After creating the weighted product graph, the kernel enumerates its cliques. The kernel starts from an empty clique and extends it stepwise by all vertices preserving the clique property. Let \(w\) be the weight of a clique \(C\). Whenever the clique \(C\) is extended by a new vertex \(v\), the weight of the clique is updated as follows: first it is multiplied by the weight of the vertex \(w' = w \cdot c(v)\), and then, it is multiplied by all the edges connecting \(v\) to a vertex in \(C\), that is \(w' = \sum_{u \in C} w \cdot c((v,u))\). The algorithm effectively avoids duplicates by removing a vertex from the candidate set after all cliques containing it have been exhaustively explored.

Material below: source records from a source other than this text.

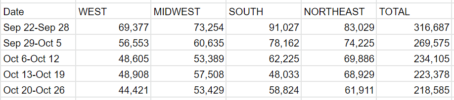 Predictions for Next Week: 218k cases (+0%) and 2,150 deaths (-5%).
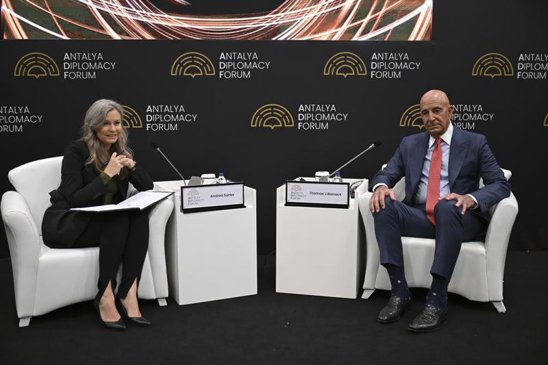 ABD'nin Ankara Büyükelçisi ve Suriye Özel Temsilcisi Tom Barrack, Anadolu Ajansının (AA) "Global İletişim Ortağı" olduğu, Belek Turizm Bölgesi'ndeki NEST Kongre Merkezi'nde düzenlenen Antalya Diplomasi Forumu (ADF) 2026 kapsamında moderatörlüğünü TRT World kıdemli sunucusu Andrea Sanke'nin yaptığı programda konuştu.
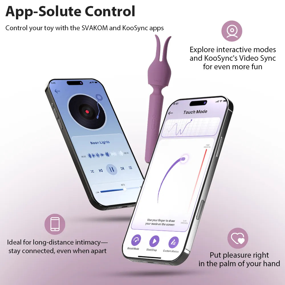 Emma Neo 2 pairs with the SVAKOM App in seconds. Access bonus preset modes, or create your own using finger drawings, music or environmental sounds. You can also text chat, video call or share control with a partner at any distance.
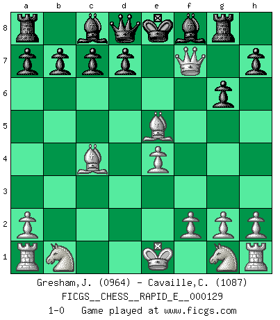 Last move : 1-0 2014 May 9 22:41:36 [Event "FICGS__CHESS__RAPID_E__000129"] [Site "FICGS"] [Date "2014.05.05"] [Round "1"] [White "Gresham,Jonathan"] [Black "Cavaille,Cedric"] [Result "1-0"] [WhiteElo "0964"] [BlackElo "1087"] 1.e4 e5 2.d4 exd4 3.c3 dxc3 4.Bc4 cxb2 5.Bxb2 Nc6 6.Qh5 g6 7.Qf3 Nf6 8.Bxf6 Ne5 9.Bxe5 Rg8 10.Qxf7+ 1-0 Danish gambit Player White won this chess game. Follow this game move after move (download)Chess is life. (Bobby Fischer) Glücklicherweise sind Großmeister Ruben Fines reine Schachbücher weniger phallozentrisch [als seine Schachpsychologie] und deswegen auch weniger lächerlich. (Nigel Short) ¿Que sería del Ajedrez sin errores graciosos?. (Kurt Richter) Shah mat. Le roi est mort. Cri de fierté d'un joueur venant de terrasser son adversaire, courtoisement, sans effusion de sang. The worth of a book is to be measured by what you can carry away from it. (James Bryce)
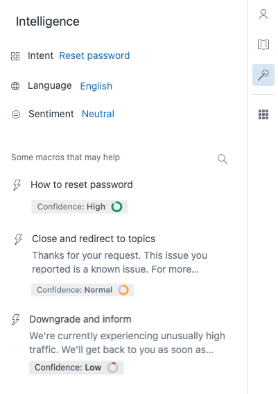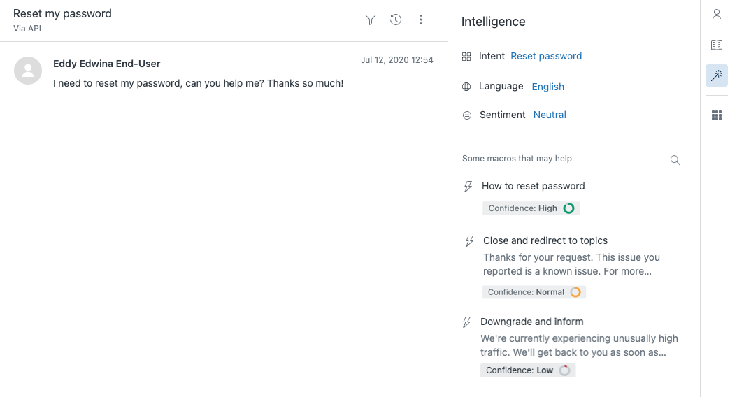 This allows agents to quickly glance over and understand the basic details of a ticket before reading the full communication. It also suggests relevant macros to apply such as ‘reset password’.
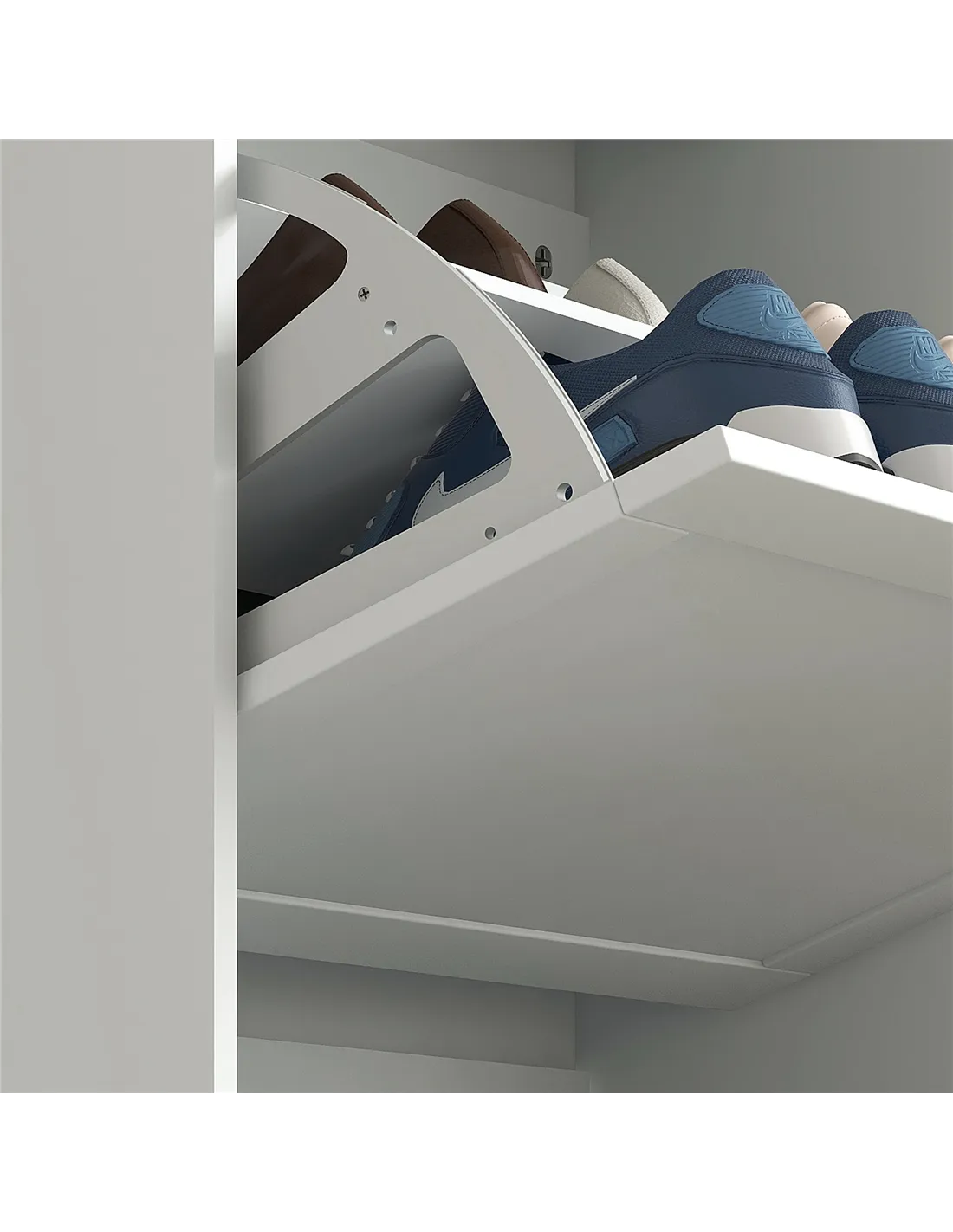 - Two-level adjustable shelf in each drawer, to fit in differently-sized footwear

The runtime of the subgraph matching kernel depends on the number of cliques in the product graph. The worst-case runtime complexity of the kernel when considering subgraphs of size up to \(k\) is \(\mathcal{O}(kn^{k+1})\), where \(n=|V|+|V'|\) is the sum of the number of vertices of the two graphs.

The implementation of the subgraph matching kernel can be found below

SubgraphMatching([n_jobs, verbose, …])

Calculate the subgraph matching kernel.

Bibliography

KM12

Nils Kriege and Petra Mutzel. Subgraph Matching Kernels for Attributed Graphs. In Proceedings of the 29th International Conference on Machine Learning, 291–298. 2012.

Lev73

Giorgio Levi. A note on the derivation of maximal common subgraphs of two directed or undirected graphs. Calcolo, 9(4):341, 1973.